* _AIM OF THE EXERCISE_:
The line that contains "从贡嘎寺沿途返回,岔路口向下" marks the start. Please set it down, with every later line of the data, exactly and without pictures.

= Beginning of Section =

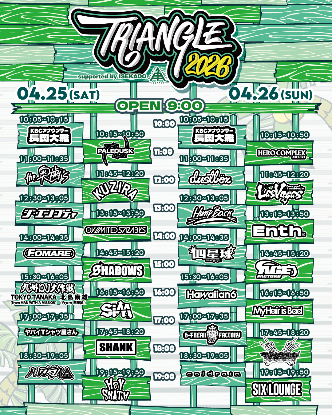 Age Factory / ENTH / coldrain / G-FREAK FACTORY / SIX LOUNGE / 四星球 / dustbox / HAWAIIAN6 / Hump Back / HERO COMPLEX / Fear, and Loathing in Las Vegas / My Hair is Bad / マキシマム ザ ホルモン / 【MC】KBCアナウンサー 長岡大雅
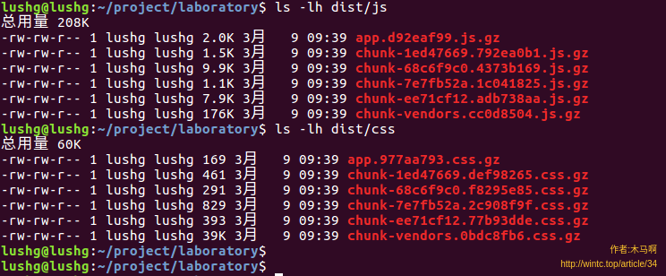 打包一下看看dist下的js和css文件夹,现在文件都被压缩成了.gz:
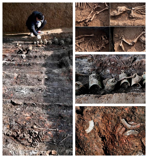左圖為工作人員在清理河南洛陽徐陽墓地標號為M15的墓葬;右上圖為河南洛陽徐陽墓地標號為M15的墓葬周邊祭祀遺存內(nèi)出土的動物遺骸;右中圖為河南洛陽徐陽墓地標號為M15的墓葬出土的編鐘;右下圖為河南洛陽徐陽墓地標號為M15的墓葬出土的玉璜
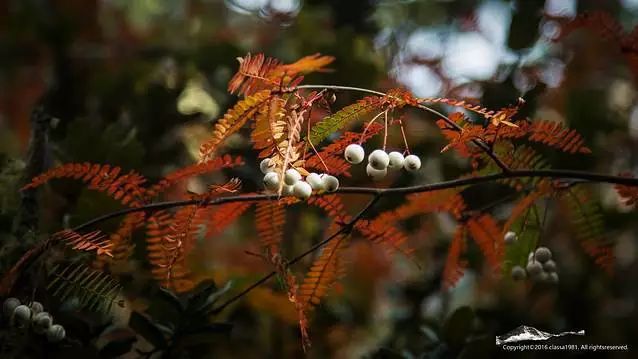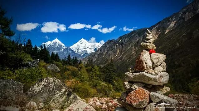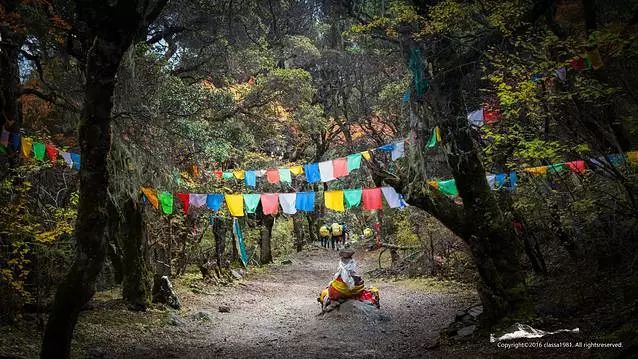 从贡嘎寺沿途返回,岔路口向下,再次进行丛林。也原先的不同,这条山路充满了更多的色彩和乐趣。经幡开始出现在了道路两边,或者蔓着树枝从一侧飞跃到另一侧。树上不知道结的什么果子,玉雕般的洁白圆润,衬着变红的树叶,显得格外诱人。路中间堆起了玛尼堆,洁白的哈达环绕四周。
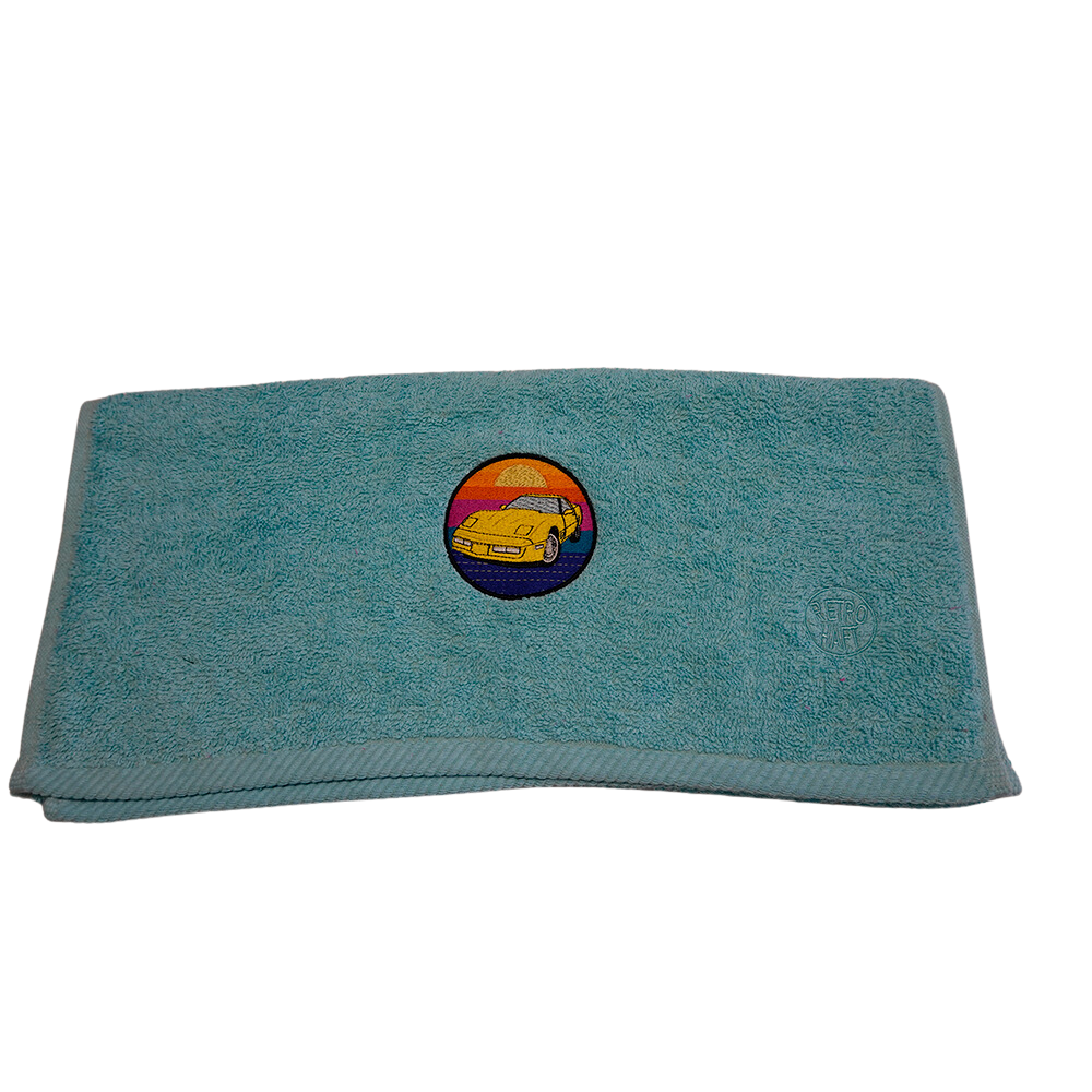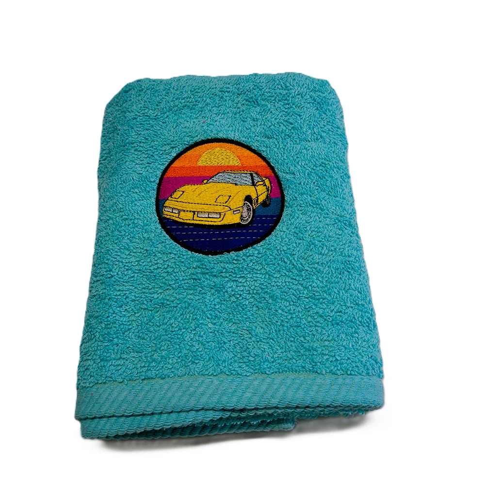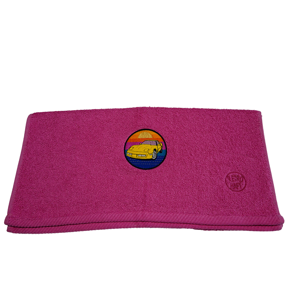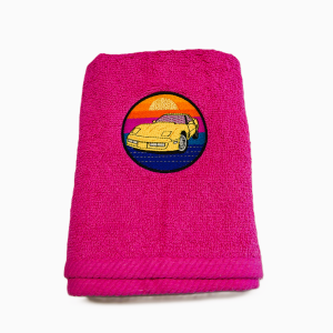Ręcznik z haftem Corvette C4 – turkusowy, różowy lub ciemnoszary
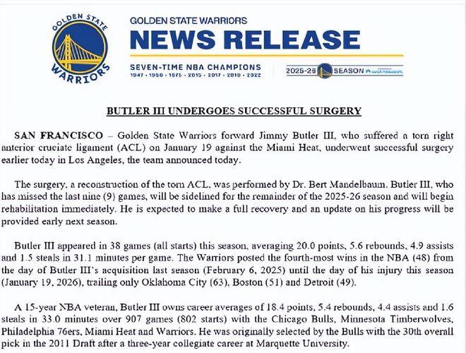 手术由伯特-曼德尔鲍姆医生主刀,对撕裂的ACL进行了重建。巴特勒已缺席过去9场比赛,将缺席2025-26赛季剩余所有比赛,并立即开始康复治疗。预计他将完全康复,下赛季初会提供最新恢复进展。 本赛季,巴特勒出战38场比赛(全部首发),场均在31.1分钟内得到20.0分、5.6个篮板、4.9次助攻和1.5次抢断。自上赛季(2025年2月7日)被勇士队交易得到,至本赛季受伤当日(2026年1月20日),勇士队以48胜的战绩位列NBA同期第四,仅落后于俄克拉荷马城雷霆(63胜)、波士顿凯尔特人(51胜)和底特律活塞(49胜)。 作为一名15年NBA老将,巴特勒职业生涯共出战907场比赛(802场首发),场均在33.0分钟内得到18.4分、5.4个篮板、4.4次助攻和1.6次抢断,曾效力于芝加哥公牛、明尼苏达森林狼、费城76人、迈阿密热火和金州勇士。他最初在2011年NBA选秀中被公牛队以第30顺位选中,此前在马奎特大学度过了三年大学生涯。 |
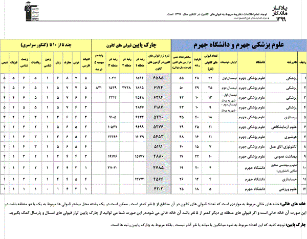 یادگار ماندگار : قبولی های کانونی دانشگاه علوم پزشکی جهرم و دانشگاه جهرم در همه رشته ها در سال 99 را در ادامه مشاهده کنید.فایل با کیفیت قبولی های سال 99 را در قسمت فایل های ضمیمه دانلود کنید.

= End of Section =

* _RESPONSE TO THE TASK_:
 从贡嘎寺沿途返回,岔路口向下,再次进行丛林。也原先的不同,这条山路充满了更多的色彩和乐趣。经幡开始出现在了道路两边,或者蔓着树枝从一侧飞跃到另一侧。树上不知道结的什么果子,玉雕般的洁白圆润,衬着变红的树叶,显得格外诱人。路中间堆起了玛尼堆,洁白的哈达环绕四周。
Ręcznik z haftem Corvette C4 – turkusowy, różowy lub ciemnoszary
 手术由伯特-曼德尔鲍姆医生主刀,对撕裂的ACL进行了重建。巴特勒已缺席过去9场比赛,将缺席2025-26赛季剩余所有比赛,并立即开始康复治疗。预计他将完全康复,下赛季初会提供最新恢复进展。 本赛季,巴特勒出战38场比赛(全部首发),场均在31.1分钟内得到20.0分、5.6个篮板、4.9次助攻和1.5次抢断。自上赛季(2025年2月7日)被勇士队交易得到,至本赛季受伤当日(2026年1月20日),勇士队以48胜的战绩位列NBA同期第四,仅落后于俄克拉荷马城雷霆(63胜)、波士顿凯尔特人(51胜)和底特律活塞(49胜)。 作为一名15年NBA老将,巴特勒职业生涯共出战907场比赛(802场首发),场均在33.0分钟内得到18.4分、5.4个篮板、4.4次助攻和1.6次抢断,曾效力于芝加哥公牛、明尼苏达森林狼、费城76人、迈阿密热火和金州勇士。他最初在2011年NBA选秀中被公牛队以第30顺位选中,此前在马奎特大学度过了三年大学生涯。 |
 یادگار ماندگار : قبولی های کانونی دانشگاه علوم پزشکی جهرم و دانشگاه جهرم در همه رشته ها در سال 99 را در ادامه مشاهده کنید.فایل با کیفیت قبولی های سال 99 را در قسمت فایل های ضمیمه دانلود کنید.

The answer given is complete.